1. Boil in 5% nitric acid, lh

2. Neutral wash with distilled water

3. Wash with 0.1 M phosphate buffer, pH 7.2.

The solution is stirred for 3-12 h under medium-circu-

lierenden conditions of fumed silica exposed. After centrifugation, the supernatant is discarded and the silica pellet washed under tnedium-circulating conditions with o · g · phosphate buffer until the absorbance E ₂₈₀ ^ O, 05 «Thereafter, the silica with 0.1 M Tris buffer pH 8, 0 washed 2-5 times. The elution of the bound hydrophobic protein 4 ' interferon is carried out by 2-4 times the action of 0.25 M tetraethylammonium chloride in 0.1 M Tris-HCl buffer pH 3.0 for 3 to 60 minutes under medium circulating conditions. The detection of the interferon-specific activity and the determination of protein with fluram of the dialyzed Elustes yielded a 10-1GOfsehe enrichment of the hydrophobic protein JL-interferon sit a yield of 60-80%.

2 »embodiment

2 ml of a proteinaceous solution having an extinction ^E 280 ^{= 1} ^ ^{2 and a mass of} anhydrophobic proteins, for example oC-interferon from 10 pg to 10, ug is added to 0.5-0.7 g. Of pretreated highly dispersed silicic acid Filler Suprasil from VEB Chemical Factory Fährbrücke Langenbach / Sa.
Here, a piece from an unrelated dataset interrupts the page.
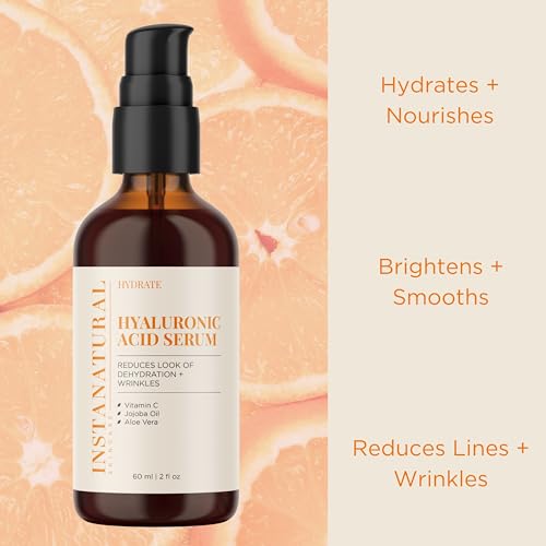 InstaNatural Hyaluronic Acid Face Serum, Brightens, Hydrates, Reduces the Look of Fine Lines and Wrinkles, with Vitamin C, Jojoba Oil, and Aloe Vera, 2 Fl Oz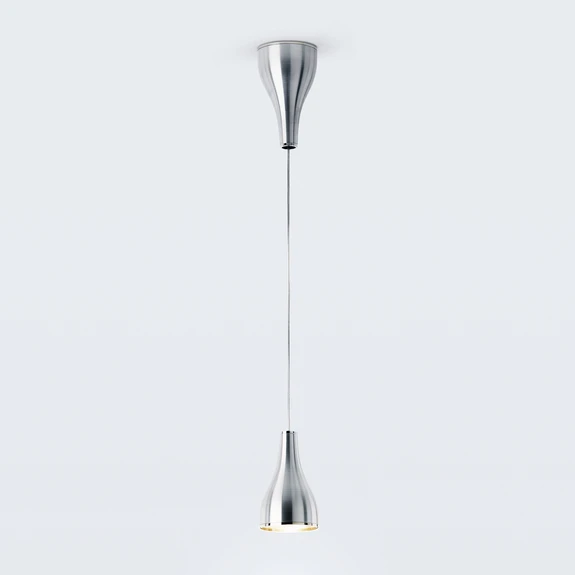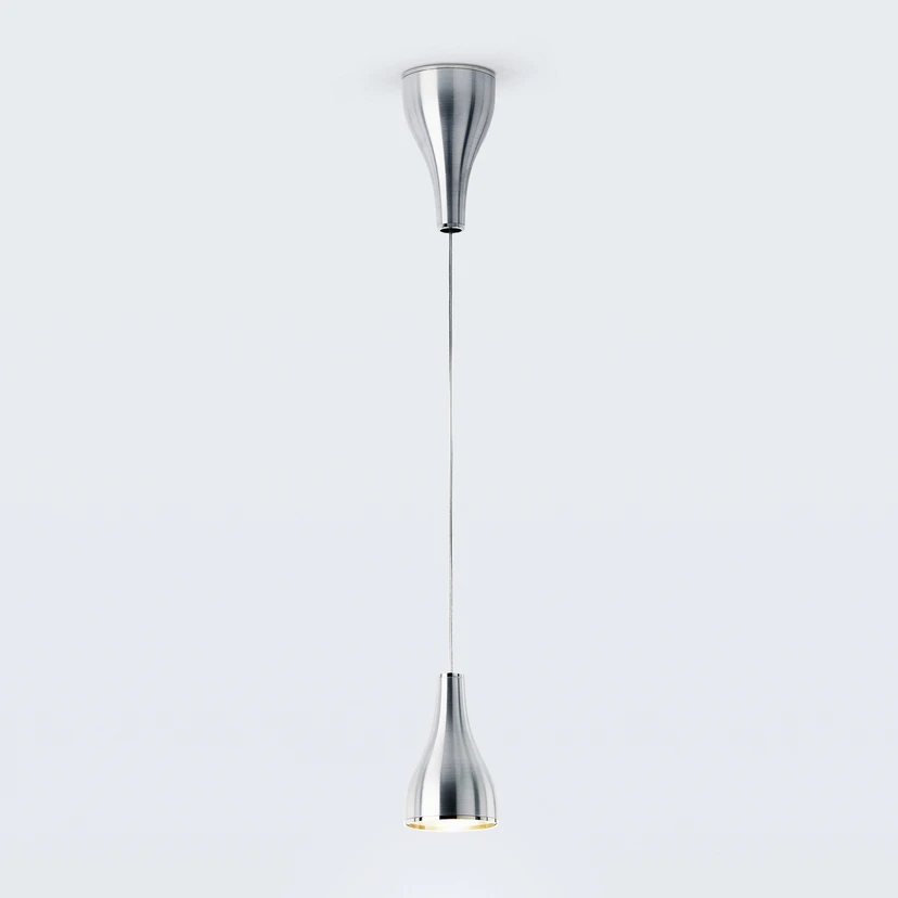 Als klassische Leuchte, optimiert durch Funktionalität und Finesse, präsentiert sich die von Yaacov Kaufman entworfene Hängeleuchte One Eighty Adjustable. Lampenschirm und Baldachin bilden dank einheitlicher Gestaltung und Maße eine Symmetrie, so dass der Lampenschirm sich an der Decke zu spiegeln scheint. Beide Komponenten bestehen aus Aluminium und sind optisch aufeinander abgestimmt.

Pre-treatment of the silica is carried out by: 1 · boiling in 5% nitric acid, lh 2. neutral washing with distilled water 3 · washing with 0.1 M phosphate buffer pH 7.2 The protein-containing solution is 3-12 h under medium-circulating conditions After centrifugation, the supernatant is discarded and the silica pellet is washed under medium-circulating conditions with phosphate buffer mentioned above until the extinction E ₂ SO ^ ° * £ '§. Thereafter, the silica is washed with 0.1 M Tris buffer pH 8.0 2 -5 times. The elution of the bound hydrophobic protein o (interferon is effected by 2-4 times the action of 0.25 M tetraethylammonium chloride in 0.1 M for 3 to 60 minutes Tris-HCl buffer pH 8.0 under medium-circulating conditions · Detection of the interferon-specific activity and protein determination by means of amino acid analysis of the eluate yielded a 100-fold accumulation of the hydrophobic protein cC-interferon with a yield of ~ 90 %.

Claims (1)

invention claim A process for the enrichment of interferons, characterized λ ι that in the batch or column chromatography an interferon-containing solution of pH 6-8 with fumed silica «previously washed with hot nitric acid and neutralized, 1-2Oh under circulating conditions added» then the silica centrifuged, the enriched interferon is washed with a buffer solution and eluted with the aid of potassium thiocyanate or glycerol or ethylene glycol or tetraethylammonium chloride.